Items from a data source
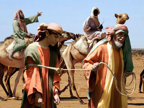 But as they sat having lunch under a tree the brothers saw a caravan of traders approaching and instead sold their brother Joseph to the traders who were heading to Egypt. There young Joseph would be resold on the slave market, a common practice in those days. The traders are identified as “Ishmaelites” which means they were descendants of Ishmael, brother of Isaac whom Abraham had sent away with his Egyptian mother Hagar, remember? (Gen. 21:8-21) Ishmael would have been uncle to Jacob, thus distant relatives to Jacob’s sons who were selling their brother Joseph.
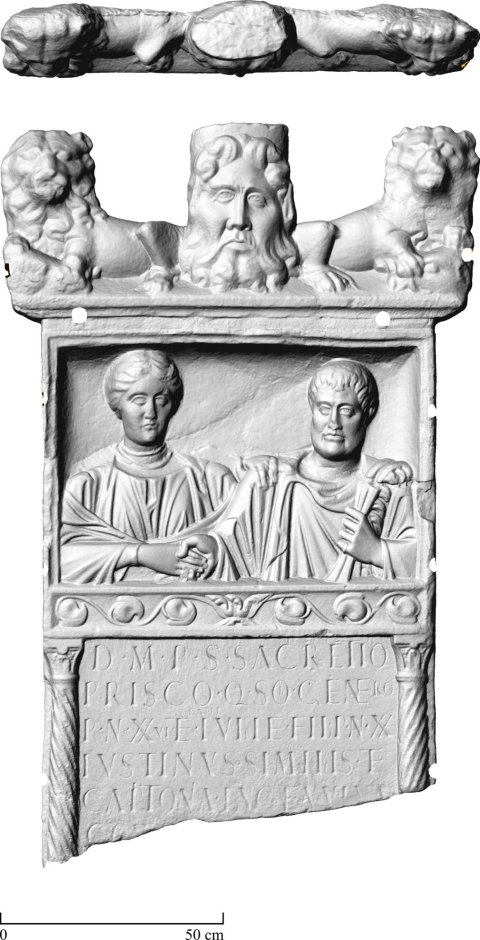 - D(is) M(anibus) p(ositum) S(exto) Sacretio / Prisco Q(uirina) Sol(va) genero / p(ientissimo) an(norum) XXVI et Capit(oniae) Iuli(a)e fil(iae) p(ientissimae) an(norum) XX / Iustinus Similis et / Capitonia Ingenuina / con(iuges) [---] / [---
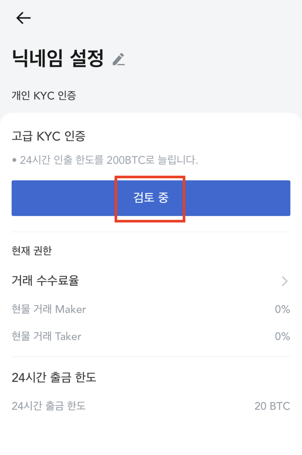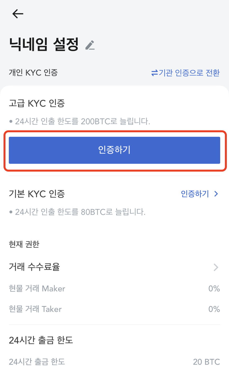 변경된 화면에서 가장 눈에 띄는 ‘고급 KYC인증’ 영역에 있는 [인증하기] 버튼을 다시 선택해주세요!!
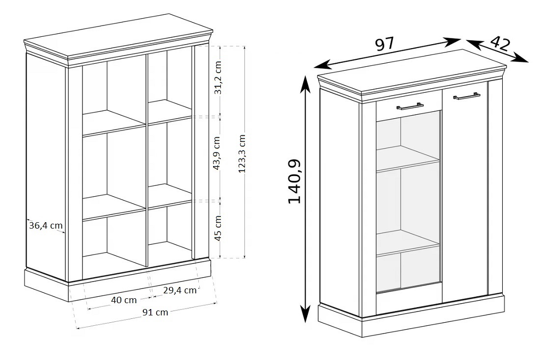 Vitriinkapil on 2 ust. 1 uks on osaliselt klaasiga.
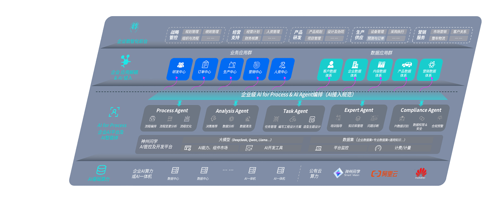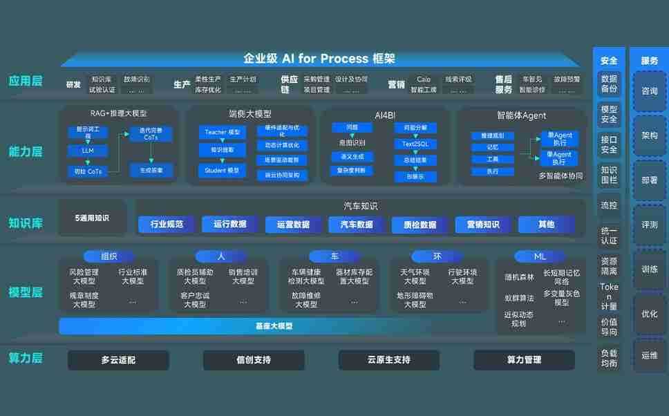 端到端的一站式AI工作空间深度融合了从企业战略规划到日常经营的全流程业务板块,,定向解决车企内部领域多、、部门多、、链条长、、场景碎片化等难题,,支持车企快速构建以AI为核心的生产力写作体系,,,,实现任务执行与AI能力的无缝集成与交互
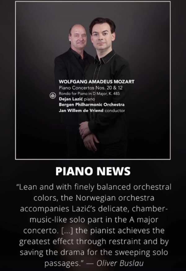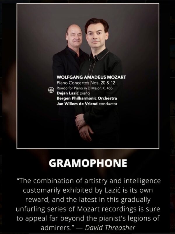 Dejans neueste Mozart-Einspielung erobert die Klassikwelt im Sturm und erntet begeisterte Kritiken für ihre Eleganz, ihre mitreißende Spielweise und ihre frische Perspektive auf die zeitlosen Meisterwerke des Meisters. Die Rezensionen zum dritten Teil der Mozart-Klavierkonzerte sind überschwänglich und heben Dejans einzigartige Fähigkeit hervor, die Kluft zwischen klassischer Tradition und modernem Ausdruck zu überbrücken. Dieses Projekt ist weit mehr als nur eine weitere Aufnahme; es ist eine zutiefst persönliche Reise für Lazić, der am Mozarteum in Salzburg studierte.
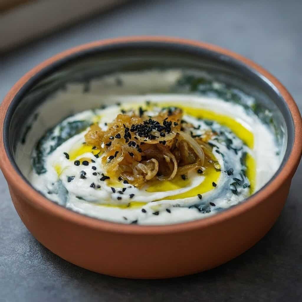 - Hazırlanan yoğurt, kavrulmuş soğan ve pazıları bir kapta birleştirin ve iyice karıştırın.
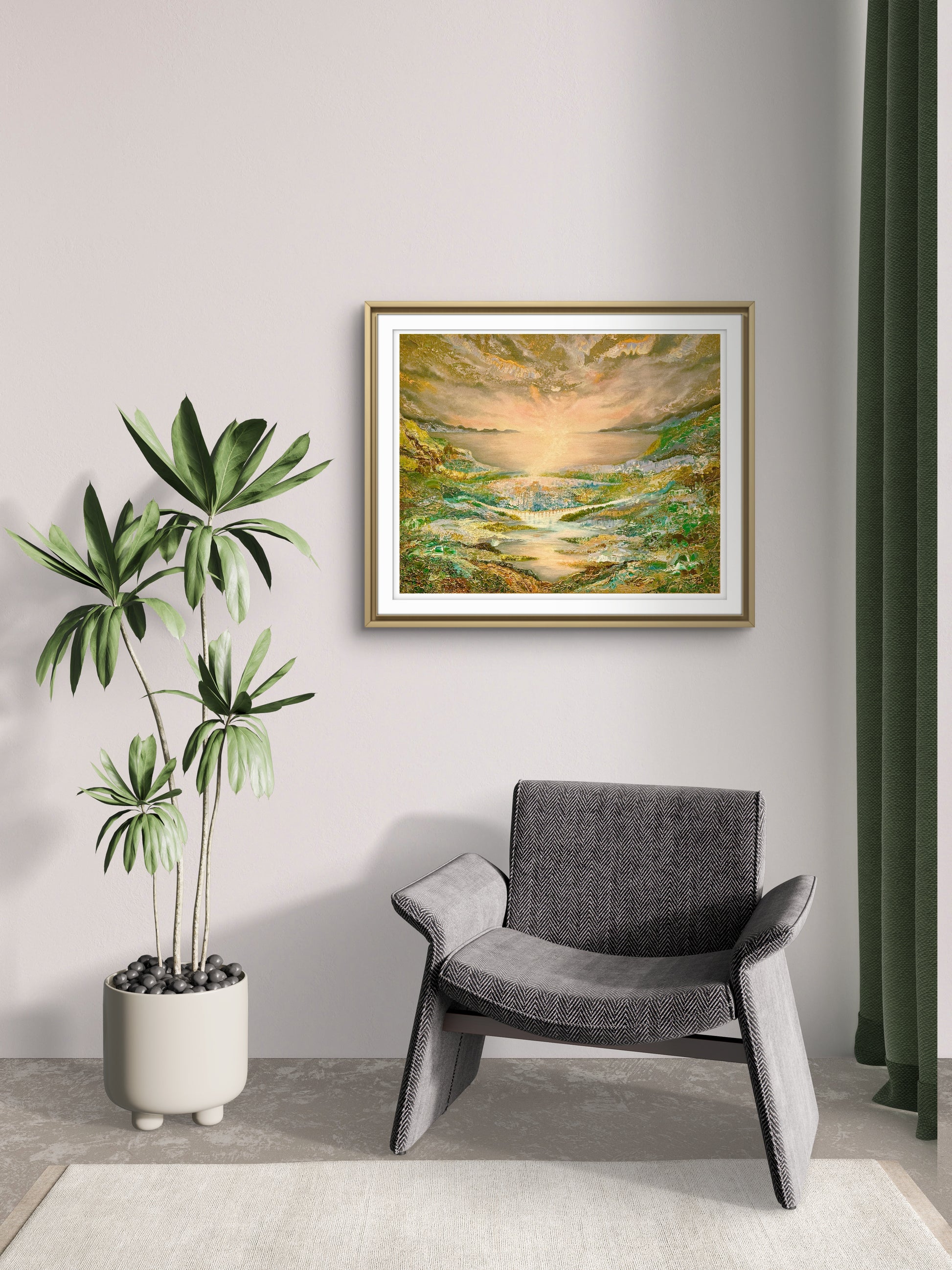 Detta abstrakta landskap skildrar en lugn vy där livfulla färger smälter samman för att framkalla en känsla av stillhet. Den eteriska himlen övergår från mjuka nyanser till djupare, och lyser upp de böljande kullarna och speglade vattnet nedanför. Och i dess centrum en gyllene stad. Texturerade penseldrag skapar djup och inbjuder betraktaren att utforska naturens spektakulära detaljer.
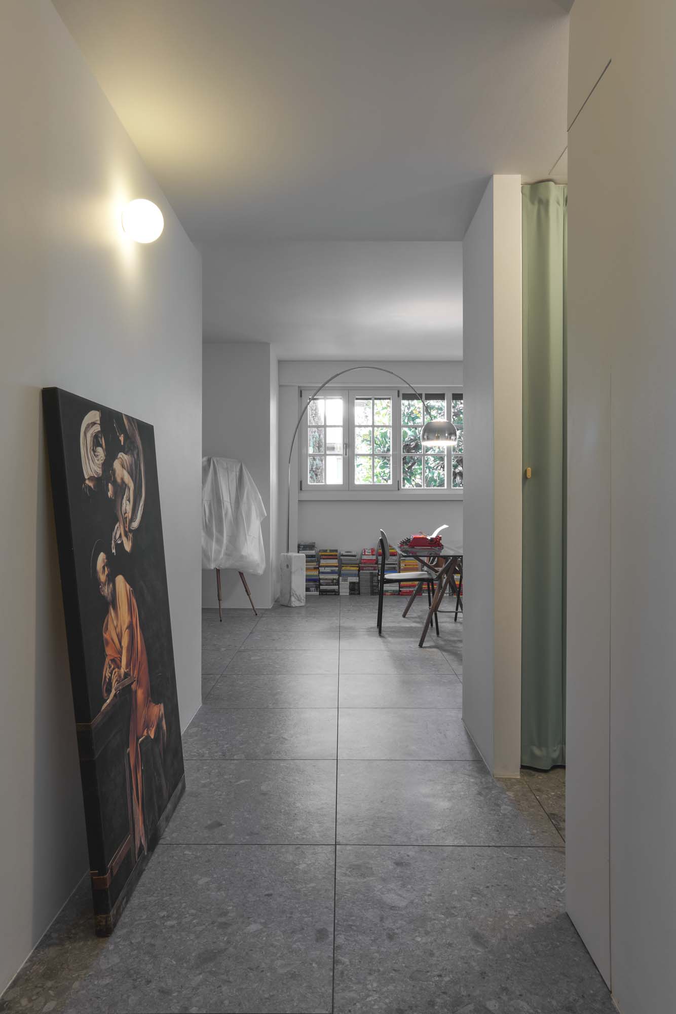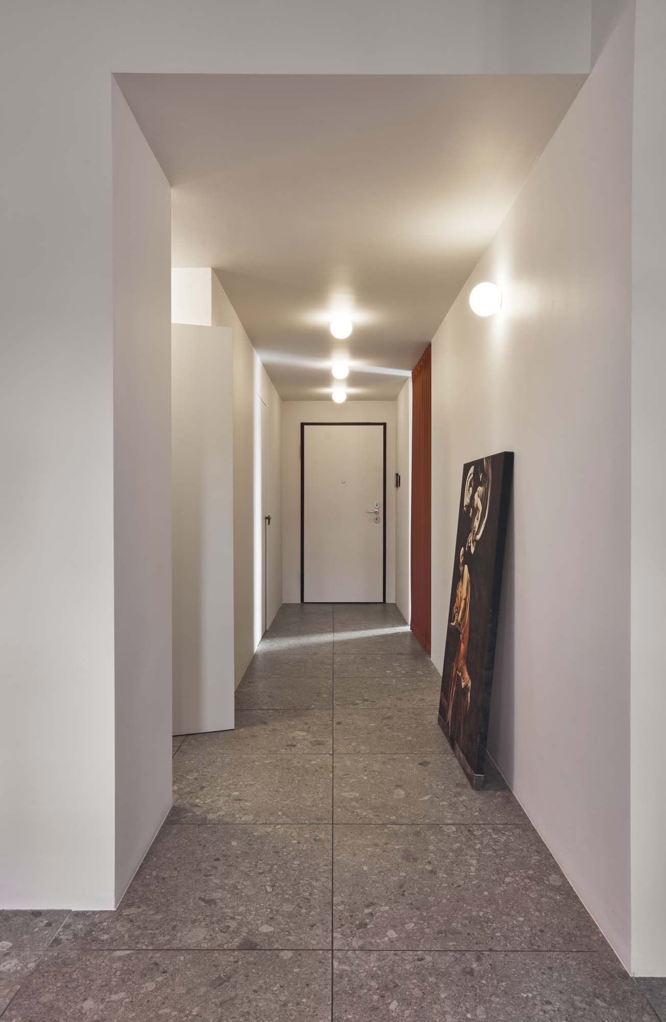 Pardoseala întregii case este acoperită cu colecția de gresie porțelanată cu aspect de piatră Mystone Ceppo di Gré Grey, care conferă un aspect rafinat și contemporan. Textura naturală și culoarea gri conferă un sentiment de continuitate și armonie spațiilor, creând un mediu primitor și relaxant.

● **How to complete this task**
Exclude all pictures and return precisely the lines from the one containing "Detta abstrakta landskap" through the closing line of the data.

● **Reply to the task**
 Detta abstrakta landskap skildrar en lugn vy där livfulla färger smälter samman för att framkalla en känsla av stillhet. Den eteriska himlen övergår från mjuka nyanser till djupare, och lyser upp de böljande kullarna och speglade vattnet nedanför. Och i dess centrum en gyllene stad. Texturerade penseldrag skapar djup och inbjuder betraktaren att utforska naturens spektakulära detaljer.
 Pardoseala întregii case este acoperită cu colecția de gresie porțelanată cu aspect de piatră Mystone Ceppo di Gré Grey, care conferă un aspect rafinat și contemporan. Textura naturală și culoarea gri conferă un sentiment de continuitate și armonie spațiilor, creând un mediu primitor și relaxant.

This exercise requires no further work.